Dan saya sempet bilang ke Ibu Mertua saya, bahwa untuk kedepan kita gak perlu khawatir lagi kalo dika mengalami sakit seperti itu, toh hasil lab juga gak menghasilkan suatu tindakan medis yang perlu dilakukan, dan konsul kita ke dokter juga gak menghasilkan obat. Buktinya dika bisa sembuh tanpa obat-obatan ( 2x minum paracetamol saja pas demam 39,7 dan dika gelisah luar biasa). hmmm iya ya kata ibu saya.
Selalu ada pelajaran yang bisa dipetik dari suatu kejadian, dan Allah memang ingin kita selalu belajar, insya allah untuk kedepan kami akan berusaha lebih baik lagi.

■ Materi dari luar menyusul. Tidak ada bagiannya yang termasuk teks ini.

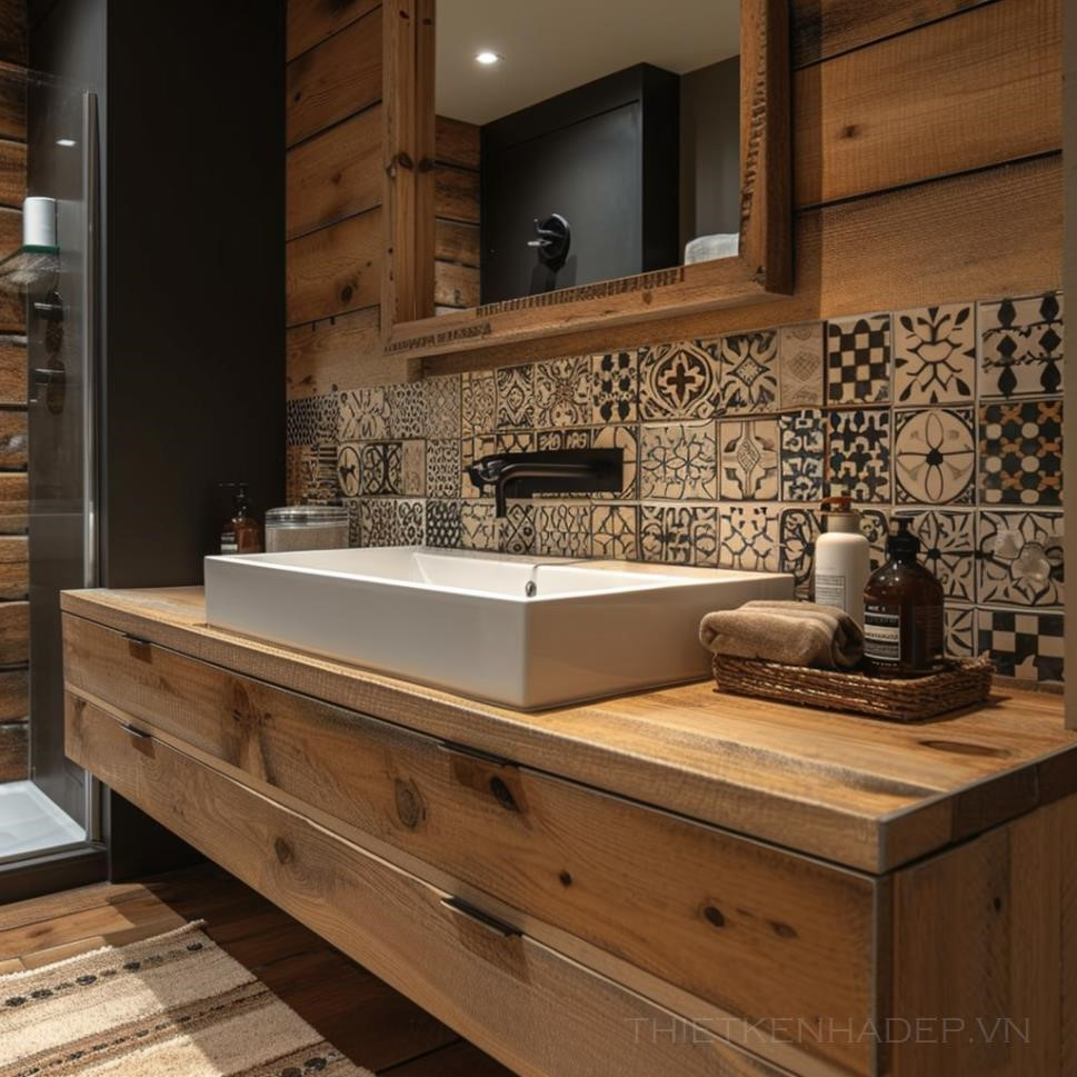 PROMPT: 2024 trends, bathroom design, small detail tiles, wood tones, black contrast, showers, mixed material, one accent wall --s 750 --v 6.0 --style raw Ý Nghĩa:

Terima kasih buat dika yang bikin mama ingin selalu belajar, terima kasih buat mbak Ria, "my lovely dokter " dr. Ian dan dr. Anto (miss you a lot dok) serta dr. Apin yang selalu bersedia untuk diajak diskusi, dan special buat papa dan eyang dika yang selalu ada dan mendukung mama.
Jumat, 02 April 2010
06.45 WIB, setelah berendam air hangat suhu turun di 38.5 dercel, bangun tidur dg ceria, makan kue kesukaannya dg lahap, trus teriak sambil bawa tisu : mamiiiii, inus ni, inus (maksudnya minta dilappin ingusnya). Alhamdullilah demam karena pileknya mau datang, get well ya cah bagus, kita mau nonton sirkus khan ya.
Kamis, 01 April 2010
Progress Sakit
Jam 10.00, suhu : 39.20 delcel, gelisah, bibir merah, minum gak mau, pipis jarang (huhuhu eyang lupa catat berapa kali dari mulai demam)Rewel, Cepet sehat ya ganteng, kita khan mau nonton sirkus.